Stage 1: AuthResolve

Purpose: Resolve the user's identity, load their session, and verify permissions.

/// Stage 1: Resolve authentication and load session context.
pub struct AuthResolve {
    session_store: Arc<dyn SessionStore>,
    acl_manager: Arc<AclManager>,
}

impl AuthResolve {
    pub async fn execute(
        &self,
        msg: &NormalizedMessage,
    ) -> Result<AuthContext, PipelineError> {
        // 1. Load or create session
        let session = self.session_store
            .get_session(&msg.session_key)
            .await?
            .unwrap_or_else(|| Session::new(msg.session_key.clone()));

        // 2. Check ACL permissions
        let permissions = self.acl_manager
            .resolve_permissions(&msg.user_id, &msg.channel_id)
            .await?;

        if !permissions.can_send_messages() {
            return Err(PipelineError::AccessDenied {
                user: msg.user_id.clone(),
                channel: msg.channel_id.clone(),
                reason: "insufficient permissions".into(),
            });
        }

        // 3. Load user preferences and model overrides
        let preferences = session.preferences().clone();
        let model_override = session.model_override().cloned();

        Ok(AuthContext {
            session,
            permissions,
            preferences,
            model_override,
        })
    }
}

Input	Output	Failure Mode
`NormalizedMessage`	`AuthContext` (session + permissions)	`AccessDenied`, `StorageError`

Stage 2: HistorySanitize

Purpose: Load conversation history and sanitize it for the LLM context window.

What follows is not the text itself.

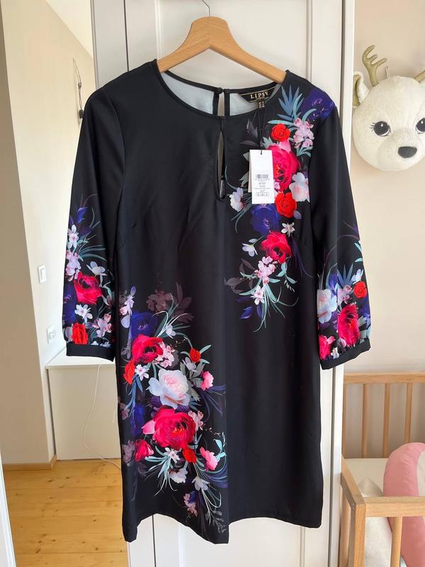 Платье черное с яркими цветами Нова, сток Имеет дефект - заточка, есть на фото Замеры сделать
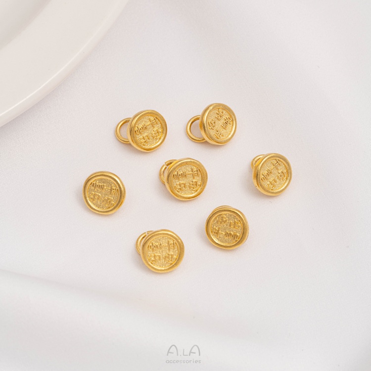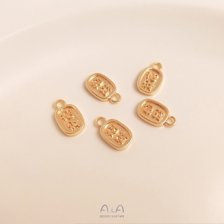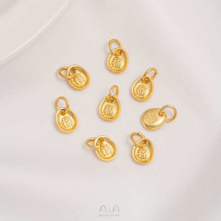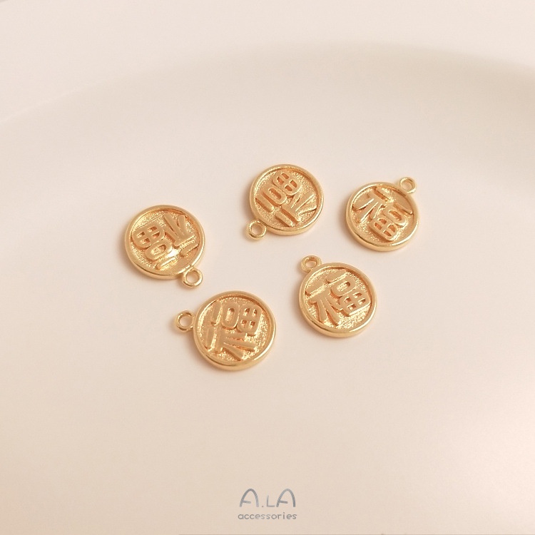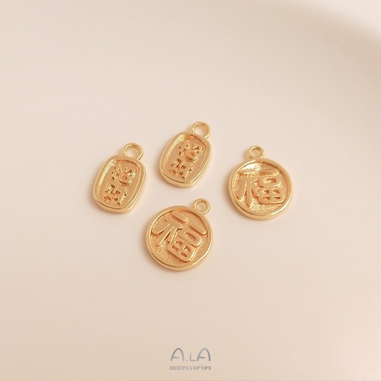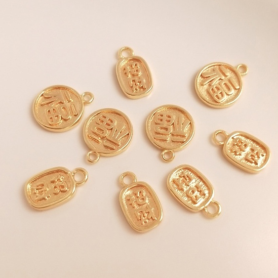 宏雲Hongyun-Ala-銅福牌14K鍍金保色圓牌福字吊墜橢圓形小掛件diy飾品吊飾配件6x10mm 招財橢圓小吊墜 1個|8.3mm 福字圓牌小吊墜 1個HongYun飾品配件批發零售

/// Stage 2: Load and sanitize conversation history.
pub struct HistorySanitize {
    conversation_store: Arc<dyn ConversationStore>,
    max_history_messages: usize,
    max_history_tokens: usize,
}

impl HistorySanitize {
    pub async fn execute(
        &self,
        msg: &NormalizedMessage,
        auth: &AuthContext,
    ) -> Result<SanitizedHistory, PipelineError> {
        // 1. Load raw history
        let raw_history = self.conversation_store
            .get_history(&msg.session_key, self.max_history_messages)
            .await?;

        // 2. Remove system-internal messages
        let filtered: Vec<_> = raw_history
            .into_iter()
            .filter(|m| !m.is_system_internal())
            .collect();

        // 3. Truncate to token budget
        let mut token_count = 0;
        let mut sanitized = Vec::new();

        for message in filtered.into_iter().rev() {
            let tokens = estimate_tokens(&message.content);
            if token_count + tokens > self.max_history_tokens {
                break;
            }
            token_count += tokens;
            sanitized.push(message);
        }

        sanitized.reverse(); // Restore chronological order

        // 4. Redact sensitive content based on permissions
        if !auth.permissions.can_view_full_history() {
            for msg in &mut sanitized {
                msg.redact_sensitive_fields();
            }
        }

        Ok(SanitizedHistory {
            messages: sanitized,
            total_tokens: token_count,
            truncated: raw_history_len > sanitized.len(),
        })
    }
}

Input	Output	Failure Mode
`NormalizedMessage`, `AuthContext`	`SanitizedHistory`	`StorageError`

Stage 3: ContextGuard

Purpose: Assemble the full context window and enforce token budget constraints.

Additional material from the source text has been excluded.